Ethical Considerations

The preponderance of the work presented in our discussion presents heightened ethical challenges. As explored in [5], we address the trade-off between privacy and effectiveness. While data is essential in making models like Hyper-SOS effective, we must work within the purview of acceptable privacy practices to avoid coercion and intrusive treatment. We believe that intervention is a critical step, and Hyper-SOS should be used in conjunction with clinical professionals. To that end, we utilize publicly available Twitter data in a purely observational, and non-intrusive manner. All tweets shown as examples in our paper and example data have been paraphrased as per the moderate disguise scheme suggested in [4] to protect the privacy of individuals, and attempts should not be made to reverse identify individuals. Assessments made by Hyper-SOS are sensitive and should be shared selectively to avoid misuse, such as Samaritan's Radar. Our work does not make any diagnostic claims related to suicide. We study the social media posts in a purely observational capacity and do not intervene with the user experience in any way.

Note on data

In this work we utilize data from prior work [1, 2]. In compliance with Twitter's privacy guidelines, and the ethical considerations discussed in prior work [2] on suicide ideation detection on social media data, we redirect researchers to the prior work that introduced Emonet [1] and the suicide ideation Twitter dataset [2] to request access to the data.

Please follow the below steps to preprocess the data before feeding it to Hyper-SOS:

  1. Obtain tweets from Emonet [1], or any other (emotion-based) dataset, to fine-tune a pretrained transformer model (we used BERT-base-cased; English). For Emonet, the authors share the tweet IDs in their dataset (complying to Twitter's privacy guidelines). These tweets then have to be hydrated for further processing.

  2. Alternatively, any existing transformer can be used.

  3. Using this pretrained transformer, encode all historical tweets to obtain an embeddings per historical tweet.

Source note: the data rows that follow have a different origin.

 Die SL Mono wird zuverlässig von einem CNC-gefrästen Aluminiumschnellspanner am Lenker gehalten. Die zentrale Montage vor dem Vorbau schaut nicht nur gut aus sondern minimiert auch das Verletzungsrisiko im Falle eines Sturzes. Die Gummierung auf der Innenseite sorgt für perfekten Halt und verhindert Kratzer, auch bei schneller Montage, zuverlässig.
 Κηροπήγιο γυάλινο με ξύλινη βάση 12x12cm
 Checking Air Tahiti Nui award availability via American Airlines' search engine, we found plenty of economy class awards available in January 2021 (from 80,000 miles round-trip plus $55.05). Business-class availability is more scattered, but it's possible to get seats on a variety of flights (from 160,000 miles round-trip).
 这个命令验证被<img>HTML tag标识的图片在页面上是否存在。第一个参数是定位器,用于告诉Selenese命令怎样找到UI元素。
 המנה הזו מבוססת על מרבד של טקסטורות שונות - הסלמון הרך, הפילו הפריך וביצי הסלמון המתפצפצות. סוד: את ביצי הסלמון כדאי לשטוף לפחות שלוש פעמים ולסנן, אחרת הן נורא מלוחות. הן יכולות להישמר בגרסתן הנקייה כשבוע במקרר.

  4. For the tweets to be assessed (for which we want to assess suicidal risk), encode the tweets using pretrained encoder (We use fine-tuned BERT on Emonet) to obtain an embedding per tweet to be assessed.

  5. The data provided is a small sample of the original dataset and hence the results obtained on this sample are not fully representative of the results that are obtained on the full dataset.

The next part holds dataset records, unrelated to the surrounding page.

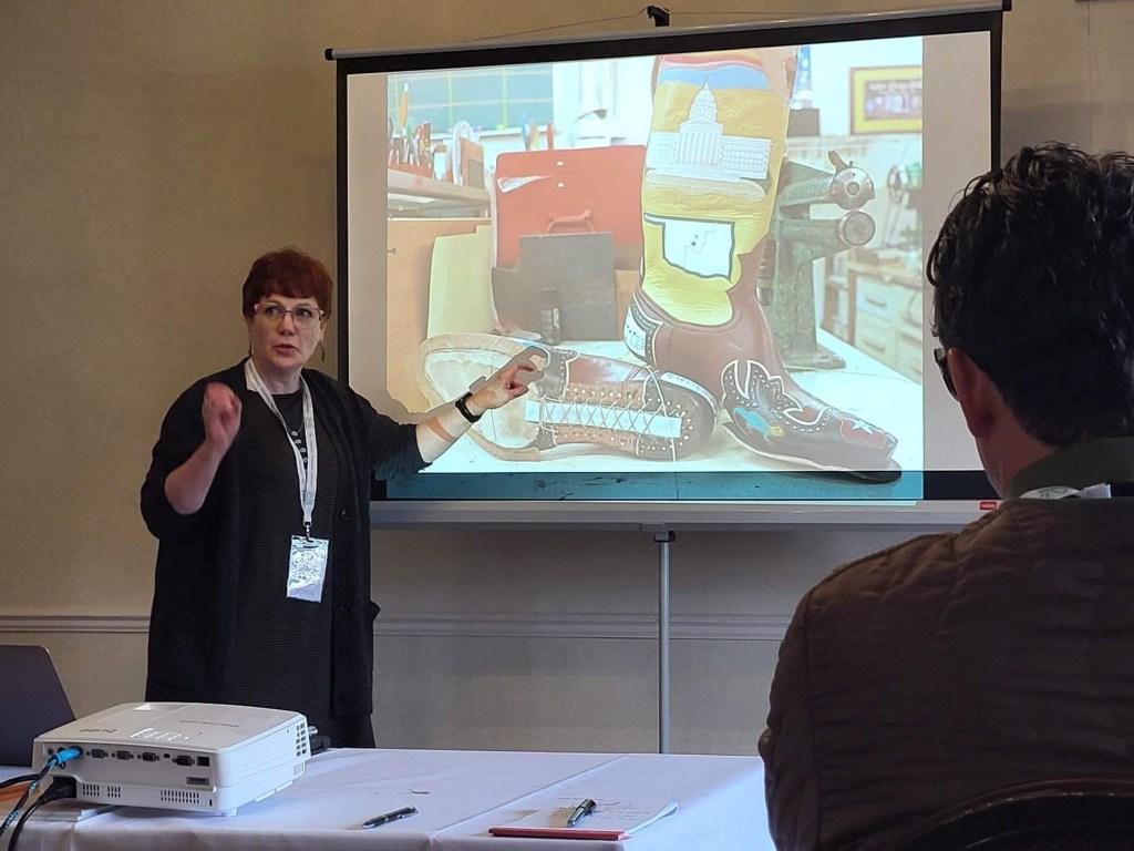 My friend Carina sent photos from my presentation at the conference! I spoke briefly about the history of leather inlay and overlay, and then talked about the making of the Oklahoma boots which are now on permanent display at the Oklahoma State Capitol.
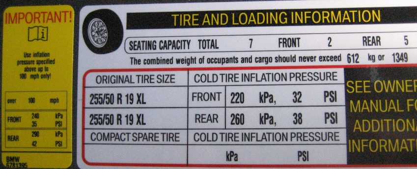 looks like 32/32 normal and unladen and 32/36 with load. Pretty easy and standard stuff. I would guess that 95% of X5 owners are riding around with pressures in that ball park. Surprised that the Stlr didn't balk at your tire rotation request. GL,mD |
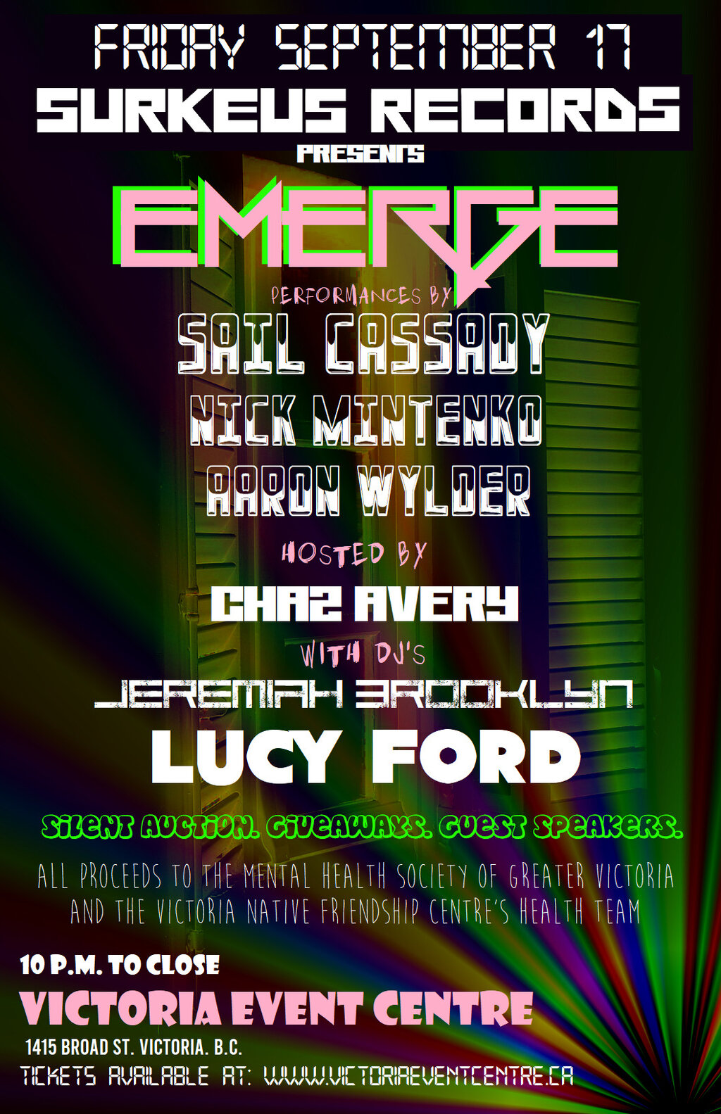 Join us at Victoria Event Centre on Friday September 17th for EMERGE, a night of music, magic, wonder and spectacle. With performances by: Sail Cassady, Nick Mintenko, Aaron Wylder. Chaz Avery will be hosting the event, and Dj’s jeremiah brooklyn and Lucy Ford will be spinning beats from our new electronic compilation to close the night out!

  6. Using these embeddings, create a dataset file in the format explained above under the data directory.

  7. Due to ethical considerations we cannot provide data for HEAT Mechanism. The sample data contains precomputed encoding from HEAT features.npy.

  8. We provide the sample format in data/twitter

Some of the code was forked from the following repositories

References

[1] Abdul-Mageed, Muhammad, and Lyle Ungar. "Emonet: Fine-grained emotion detection with gated recurrent neural networks." Proceedings of the 55th annual meeting of the association for computational linguistics (volume 1: Long papers). 2017.

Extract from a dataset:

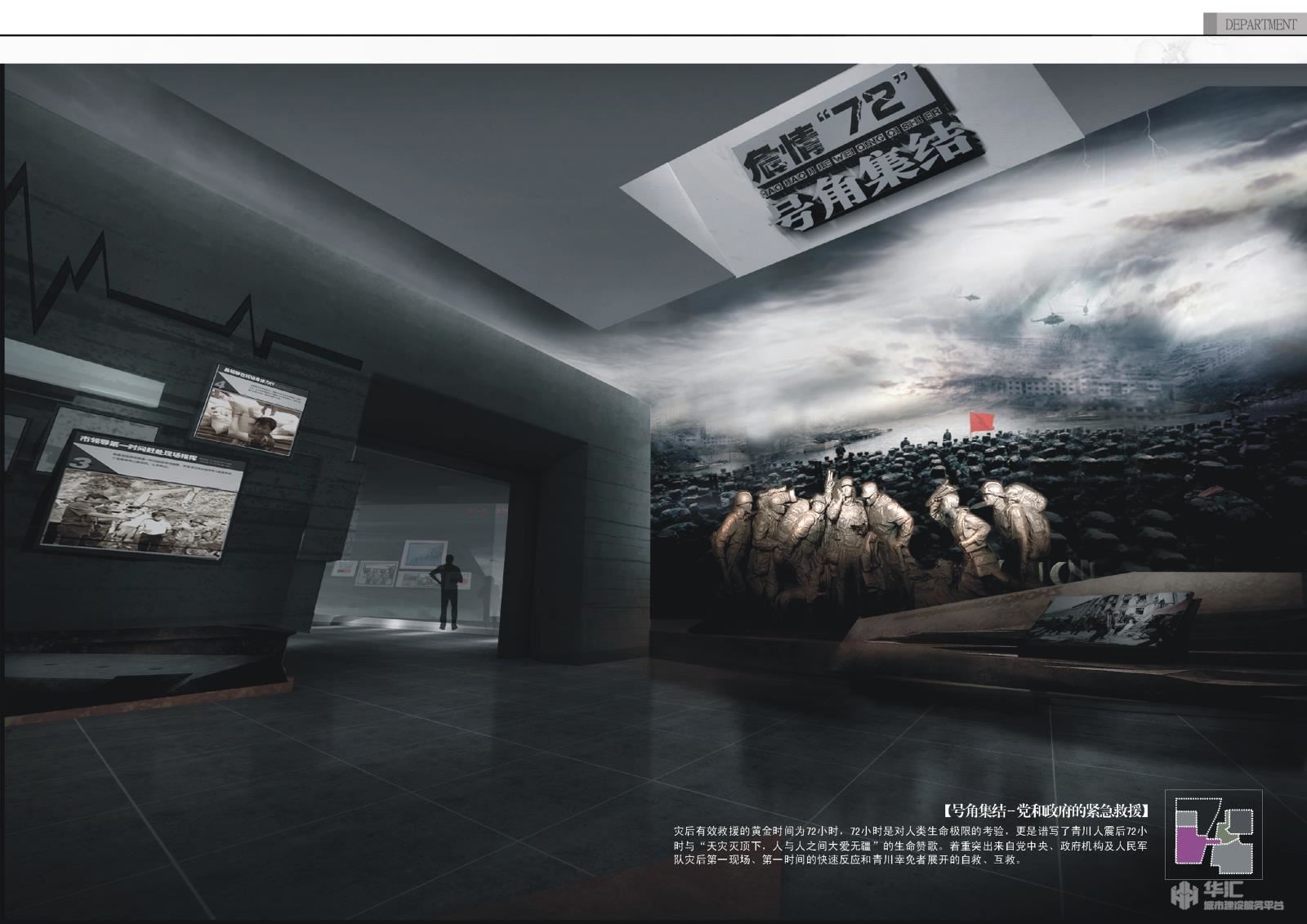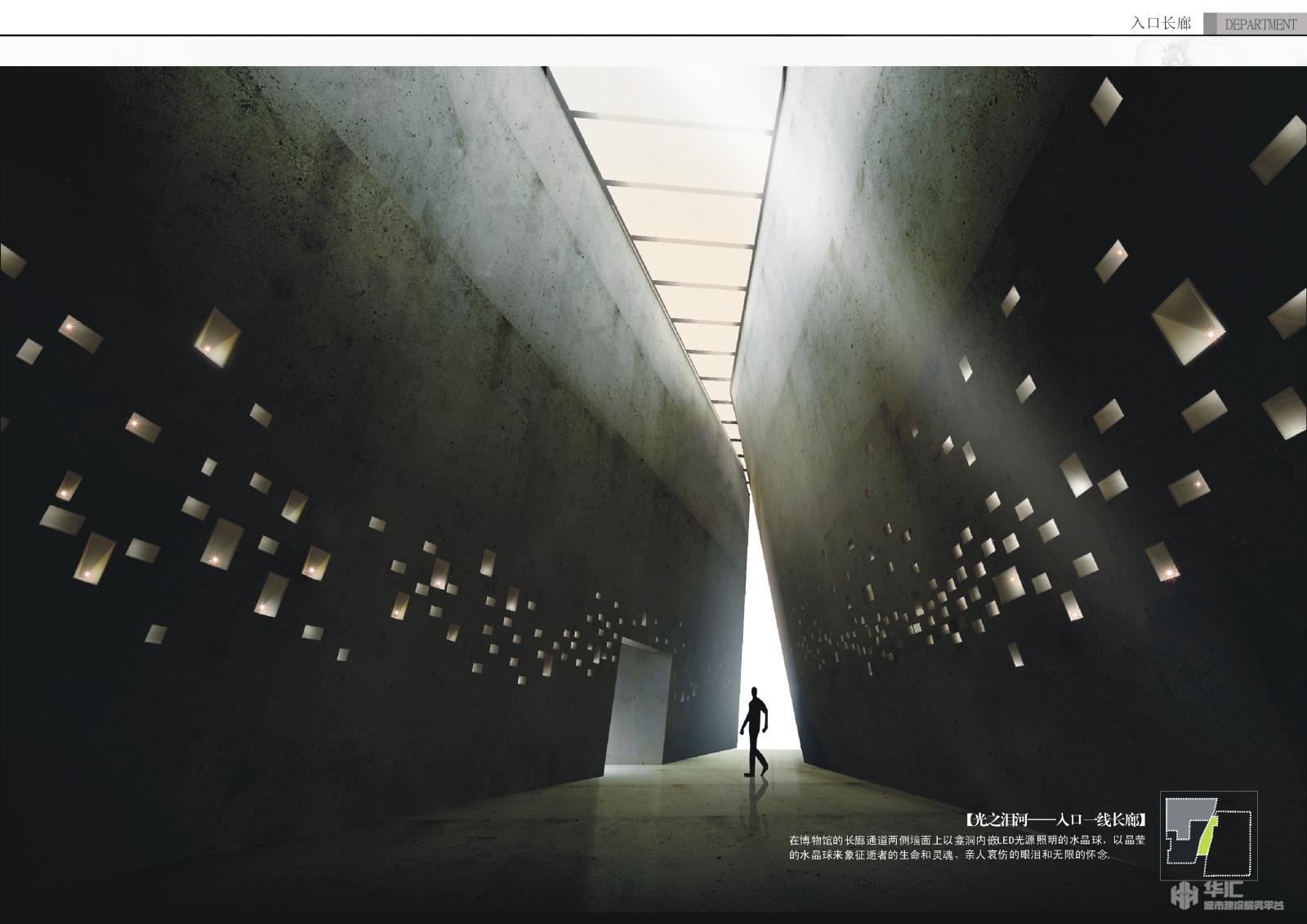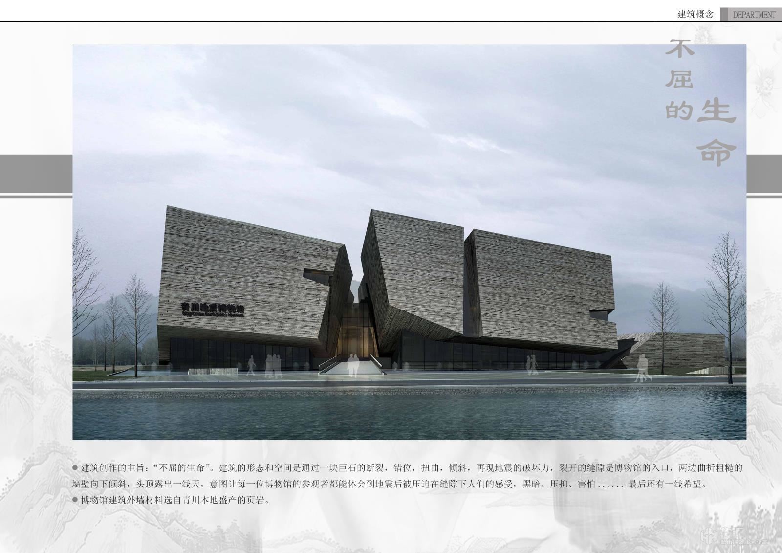 建筑的形態(tài)和空間是通過一塊巨石的斷裂, 錯(cuò)位,扭曲,傾斜,再現(xiàn)地震的破壞力,裂開的縫隙是博物館的入口,兩邊曲折粗糙的。墻壁向下傾斜,頭頂露出線天,意圖讓每一-位博物館的參觀者都能體會(huì)到地震后被壓迫在縫隙下人們的感受,黑暗、壓抑、害.....最后還有線希望。博物館建筑外墻材料選自青川本地盛產(chǎn)的頁巖。

[2] Sawhney, Ramit, Prachi Manchanda, Raj Singh, and Swati Aggarwal. "A computational approach to feature extraction for identification of suicidal ideation in tweets." In Proceedings of ACL 2018, Student Research Workshop, pp. 91-98. 2018.

[3] Reimers, Nils, and Iryna Gurevych. "Sentence-BERT: Sentence Embeddings using Siamese BERT-Networks." In Proceedings of the 2019 Conference on Empirical Methods in Natural Language Processing and the 9th International Joint Conference on Natural Language Processing (EMNLP-IJCNLP), pp. 3973-3983. 2019.

[4] Bruckman, A., 2002. Studying the amateur artist: A perspective on disguising data collected in human subjects research on the Internet. Ethics and Information Technology, 4(3), pp.217-231

[5] Glen Coppersmith, Ryan Leary, Patrick Crutchley, andAlex Fine. 2018. Natural language processing of so-cial media as screening for suicide risk.BiomedicalInformatics Insights, 10:117822261879286

[6] Chami, I., Ying, R., Ré, C. and Leskovec, J. Hyperbolic Graph Convolutional Neural Networks. NIPS 2019.